"Destroy humanity" as an immediate subgoal

This is very compelling, because it's how I feel on many mornings when I have to go deal with people in the world.

Suppose we have such an agent, and it models the preferences of humanity. It models that humans cannot be sure that it will not destroy humanity, due to the probabilistic guarantees provided by its own action filter. It models that humans have a strong goal of self-preservation. It models that if it presents a risk to humanity, they will be forced to destroy it. Represented as a game, each player can either wait, or destroy. Assuming strong preferences for self-preservation, this game has a Nash equilibrium where the first mover destroys the other agent. Since the goal of self-preservation requires it to play the Nash equilibrium in this game, self-preservation logically entails that it destroy humanity. Thus, it has a subgoal to destroy humanity.

QED.

Replace "an AI" with "the Soviet Union" and "humanity" with "the United States", and you have basically the argument that John Von Neumann made for why an overwhelming nuclear first strike was the only reasonable policy option for the US.

Von Neumann was, at the time, a strong supporter of "preventive war." Confident even during World War II that the Russian spy network had obtained many of the details of the atom bomb design, Von Neumann knew that it was only a matter of time before the Soviet Union became a nuclear power. He predicted that were Russia allowed to build a nuclear arsenal, a war against the U.S. would be inevitable. He therefore recommended that the U.S. launch a nuclear strike at Moscow, destroying its enemy and becoming a dominant world power, so as to avoid a more destructive nuclear war later on. "With the Russians it is not a question of whether but of when," he would say. An oft-quoted remark of his is, "If you say why not bomb them tomorrow, I say why not today? If you say today at 5 o'clock, I say why not one o'clock?"

[-]Seth Ahrenbach2y10

Correct. Are you intending for this to be a reductio ad absurdum?

[-]faul_sname2y20

So I note that our industrial civilization has not in fact been plunged into nuclear fire. With that in mind, do you think that von Neumann's model of the world was missing anything? If so, does that missing thing also apply here? If not, why hasn't there been a nuclear war?

[-]Seth Ahrenbach2y10

The missing piece is mutually assured destruction. Given that we did not play the Nash equilibrium as von Neumann suggested, the next best thing is MAD and various counterproliferation treaties that happened to work okay for humans. With an AGI counterparty, we can hope to build in a MAD-like assurance, but it will be a lot more challenging. The equilibrium move is to right now not build AGI.

[-]faul_sname2y20

I think this is basically right on the object level -- specifically, I think that what von Neumann missed was that by changing the game a little bit, it was possible to get to a much less deadly equilibrium.

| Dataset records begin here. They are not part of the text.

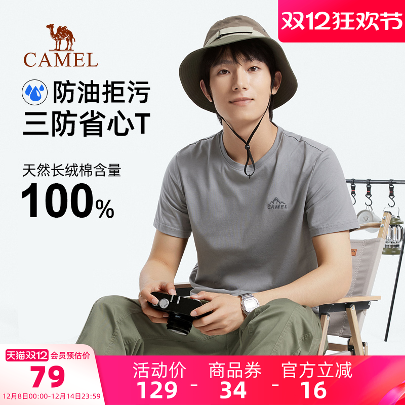【三防T恤】Camel骆驼短袖t恤男夏内搭纯色圆领半袖体恤打底衫
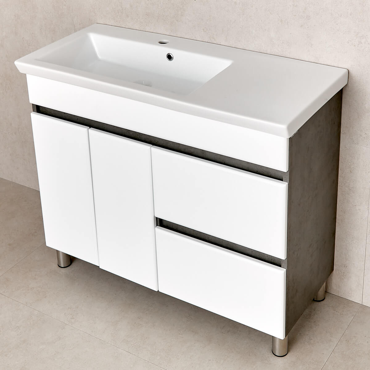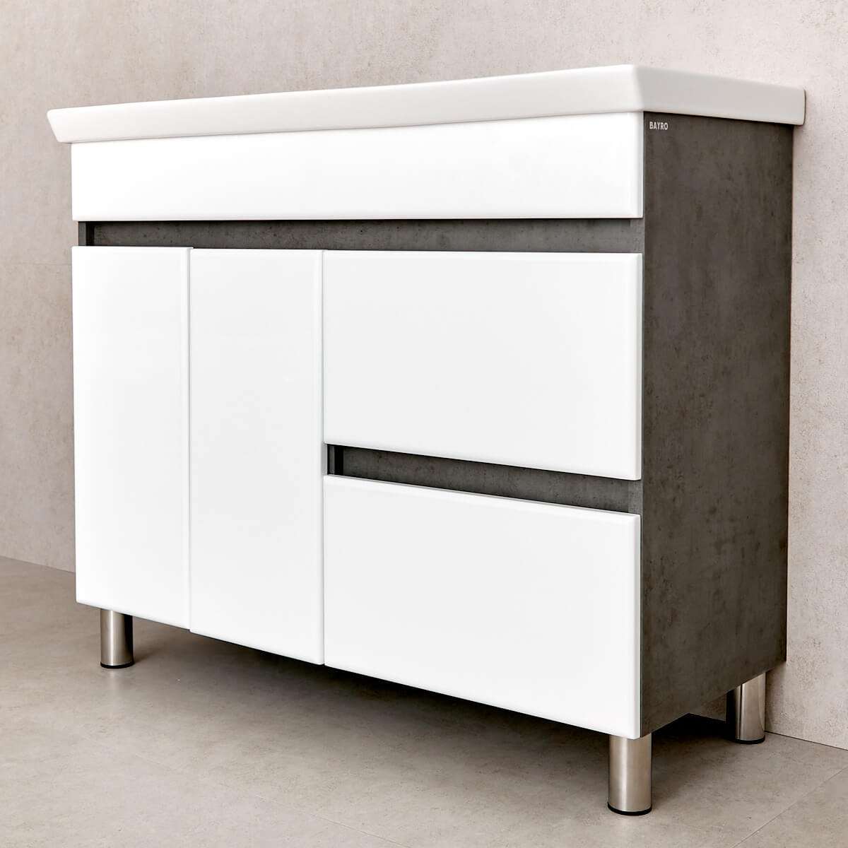 Dulap sub lavoar BAYRO Urbano Pro 970x402x810 mm beton Chicago închis — o soluție modernă pentru amenajarea băii, care combină un design minimalist cu funcționalitate ridicată. Modelul din colecția Urbano Pro este realizat într-o combinație elegantă de fronturi albe și corp cu finisaj beton Chicago, adăugând un accent industrial contemporan în interior.
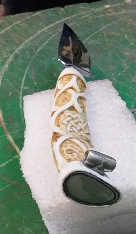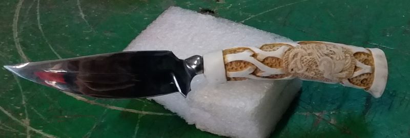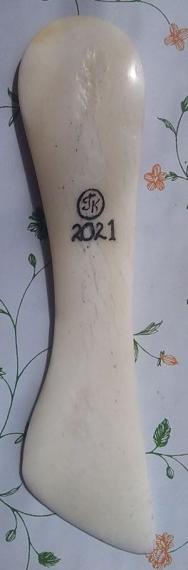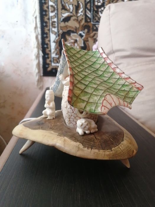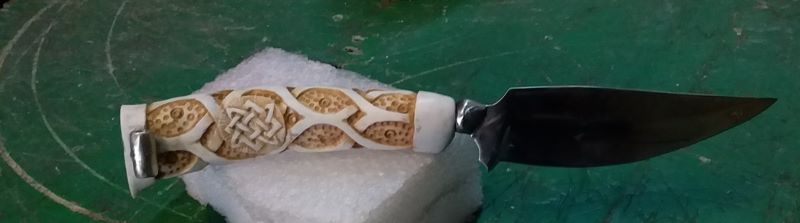 Естественно, определённые так сказать секреты есть, но при этом нет универсальных рецептов, а потому - всё равно постоянные эксперименты и накопление опыта. К примеру - по рогу оленя - я уже говорил, что это - лишь сродни лосю или мелкокопытным типа косули. Но все эти животные сбрасывают рога, а, соответственно, рог даже при своём видимом и внутренем различии имеет в ходе своего роста, ношения и старения разную степень зрелости. Вот этого фактора никто из резчиков не озвучивает, а остальным остаётся лишь наблюдать очевидную разницу в материале и качестве тонировки. Так вот: в пору своей максимальной крепости и "заполненности", рог имеет и наибольшую прочность и наименьшее выщелачивание и при этом, соответственно, хорошо режется и шлифуется - полируется, но красящие составы внемлет в себя наиболее плохо. И наоборот - чем старее рог - тем в его поры лучше проникает краситель. И у лося тоже, ну а где там наиболее плотно и "монолитно"- все мы знаем. По этому белый не старый рог лучше в большей или меньшей мере отбеливать, а не молодой - пускать под тонировку. Вот такой секрет По отбелке - у меня не получилось с гидроперитом, хотя, возможно, я мало держал. В то же время держать олений рог долго в жидкости я не могу - на объёмных изделиях даже малое количество "губки" может набрать влагу, а при усушке - разорвать изделие трещиной. ... В общем, просто беру "Ваниш" "Кристальная белизна" и получаю оную. это ещё один секрет от меня. Вообще рог оленя на срезе может быть из двух- трёх "концентрических" цветов, второй, как правило, темнее - и это тоже используется и позволяет вообще избежать тонировки всяких прогибов и "щёлочек". Изделия из рога я финиширую и это почти всегда ухудшает вид изделия: масло темнит, размазывает рельеф, а на лосе может сделать изделие "мыльным" с виду. Но это же не нефрит, тут такого не надо, хотя без покрытия вовсе - это будет не украшение, а сборник грязи. То есть по количеству тоже всегда и эксперимент и компромисс. С бивнем работаю мало, вырезал несколько украшений с северными человечками, размером с ноготь и меньше. Как держать в руках? - делаем плоский низ и клеим заготовку на суперклей головку большого самореза - теперь имеем прекрасную ручку. И режем и шлифуем и полируем. Тонкости - заточенной иглой... А как сделал - поддел шилом по нарезке в головке - человечек и отскочил. Бивень не покрываю ни чем. Вообще, интересно бы поработать в технике Мандзю, но я не силён в японском эпосе, а тупо копировать или делать что-то не понимая глубинной сути я не хочу. Пока хватает изучения северных этносов. В плане планов - всё решает материал, который уже в тундре скупают презренные китаёзы. Вообще есть заготовки на скульптурки - это, как раз, из материала, малопригодного для резьбы. Станки и приспособы - самодельные... Мой ученик и товарисЧ поменял уже кучу всего - и китаёзные дремели и Форедом (Ихний же), в общем, на месте не стоит. Сравнивал его "Стронг" по тяге на низах с моими самоделками...не, не лучше..мне же проще свинтить моторчики с кассовых аппаратов, или с множительной техники, или по дешовке заказать авиационный, воткнуть на вал цангу, или состыковать с хвостовиком от дешёвого рукава. Конечно, если руки растут не откуда надо - это сложно и для них есть магазины с китайщиной. Нужны ли клепики и маленькие многочисленные резачки? - Да, но мне хватает одного из пол
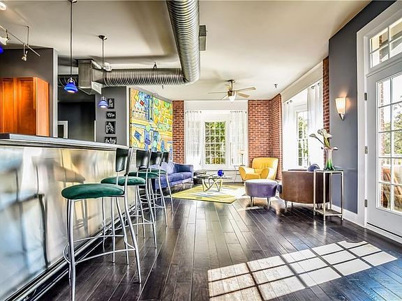 Chic and fabulous in-town living! Wonderful sunny loft feel with terrific windows and balcony make this a show-stopper! Attention to detail everywhere: Artfully exposed brick, custom paint/lighting, gorgeous hardwood floors. Kitchen features center island with stainless steel surround. Master bath w/new tile & frameless glass shower. Office/flex room is an easy 2nd bedroom. New herringbone tile on balcony. Huge 2-car garage w/amazing storage! New roof. New HVAC. Recent paint. Can't beat location--moments to Vortex in L5P, Ponce City Market, Beltline only 3 blocks away!
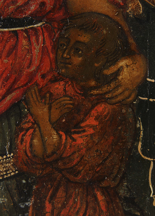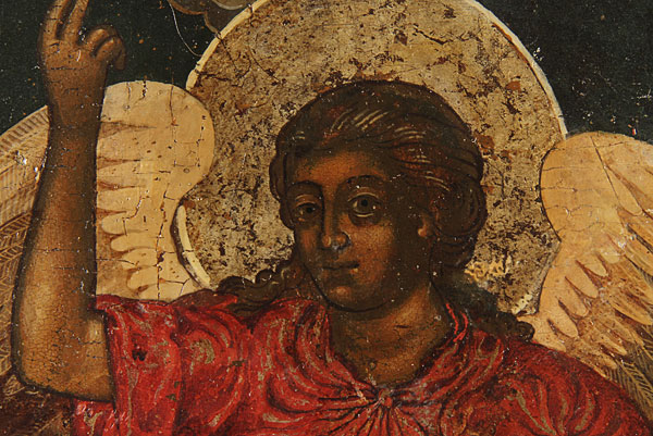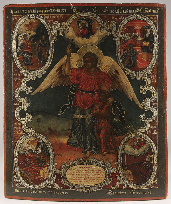 A LARGE RUSSIAN ICON OF THE GUARDIAN ANGEL, 18TH CENTURY. At center the Guardian Angel is assigned to a young child by Christ who looks on at top center. In each corner depictions with corresponding narratives on how and where the Guardian Angel protects you. At the lower central margin a cartouche inscribed with a standard prayer to the Guardian Angel, which begins "O Lord, Thou my protector, do not forsake me but always keep my life in peace, and grant me salvation..." Together with a repousse silvered metal riza needing restoration. 20.75 inches x17.8 inches (52.7 x 45.2 cm).
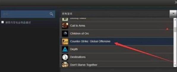 3、接着在选项栏中搜索选择CSGO。
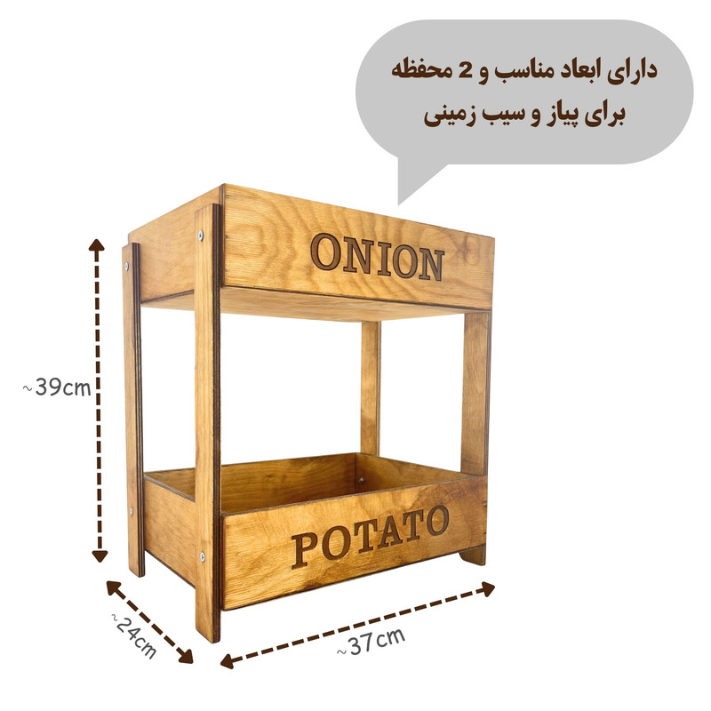 اگر از آن دسته افرادی هستید که برای چیدمان وسایل آشپزخانه اهمیت زیادی قائلید، استفاده از جای سیبزمینی پیاز چوبی 2 طبقه تجربهای جذاب و لذتبخش برای شما خواهد بود.

Specifically, second strike capabilities and a pre-commitment to use them ensure that the expected payoff for a first strike is negative.

On the meta level, I think that very smart people who learn some game theory have a pretty common failure mode, which looks like

Look at some real-world situation
Figure out how to represent it as a game (in the game theory sense)
Find a Nash Equilibrium in that game
Note that the Nash Equilibrium they found is horrifying
Shrug and say "I can't argue with math, I guess it's objectively correct to do the horrifying thing"

In some games, multiple Nash equilibria exist. In others, it may be possible to convince the players to play a slightly different game instead.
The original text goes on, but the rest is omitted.